Previous studies have shown that patients with thyroglobulin antibodies in the serum are at a considerable risk of developing thyroid dysfunction during immunotherapy. Similarly, patients with autoimmune antibodies and rheumatoid factor who receive immunotherapy are at increased risk of irAEs.18,19 Our study had similar findings. However, it is unclear why these antibodies are associated with irAEs. A possible reason is that PD-1 is regulated by T cell-independent and -dependent mechanisms, and therefore it is expressed in large quantities in activated B cells.20 T cells enhance the therapeutic effect of anti-PD-1 antibodies and B cells are induced to produce autoantibodies, which enhance irAEs incidence.21,22 Therefore, the presence of autoantibodies, such as antinuclear, TPO, and thyroglobulin antibodies, may be related to therapeutic efficacy and irAEs. This suggests that future research should focus on developing biomarkers to predict the onset, treatment outcome, and resolution of liver injury.
To date, risk factors for immune-mediated hepatotoxicity have been rarely studied. Cho et al.23 showed an increased association between 3-hydroxy-3-methylglutaryl coenzyme A reductase inhibitor use and ILICI development, with a 4.7-fold increase in risk and a 78.8% attributable risk. Tsung et al.24 reported that liver injury was significantly more common in patients with liver metastasis (53% vs. 21%). However, they focused only on the analysis of influencing factors without building a prediction model. Therefore, in this study, risk factors were reassessed and an ILICI-nomogram that included patient history, clinicopathological features, peripheral blood markers, and combination therapy was created. We incorporated multiple risk factors into an easily used nomogram that conforms to the methodology criteria for prediction models, ultimately incorporating three new variables. Overall, the designed ILICI-nomogram showed a good C-index, which could be robustly applied to patients with grade ≥3 liver injury and different subgroups of patients.

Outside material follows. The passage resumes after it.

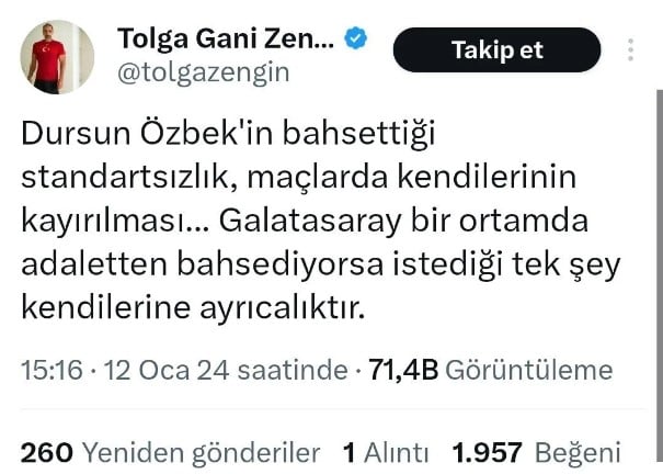 Zengin'in sosyal medyada Galatasaray aleyhine attığı tweetlerden ötürü sarı-kırmızılı taraftarlar tepki gösterdi.

The nomogram is helpful for the early identification of high-risk groups for ILICI among sintilimab-treated patients, providing exciting potential for clinical application. However, the stability of the proposed prediction model is related to the number of covariates and outcome events. Furthermore, model accuracy was determined using an internal verification approach; therefore, the insufficient sample size could lead to unsatisfactory validation set results. We aim to collect multicenter external validation data in future research. Taken together, this study shows that ILICI incidence in patients receiving sintilimab is high, with risk factors including hypoproteinemia, TPO antibodies, and dyslipidemia. The developed ILICI-nomogram herein can assist oncologists to develop better and more personalized treatment strategies for patients receiving immunotherapies.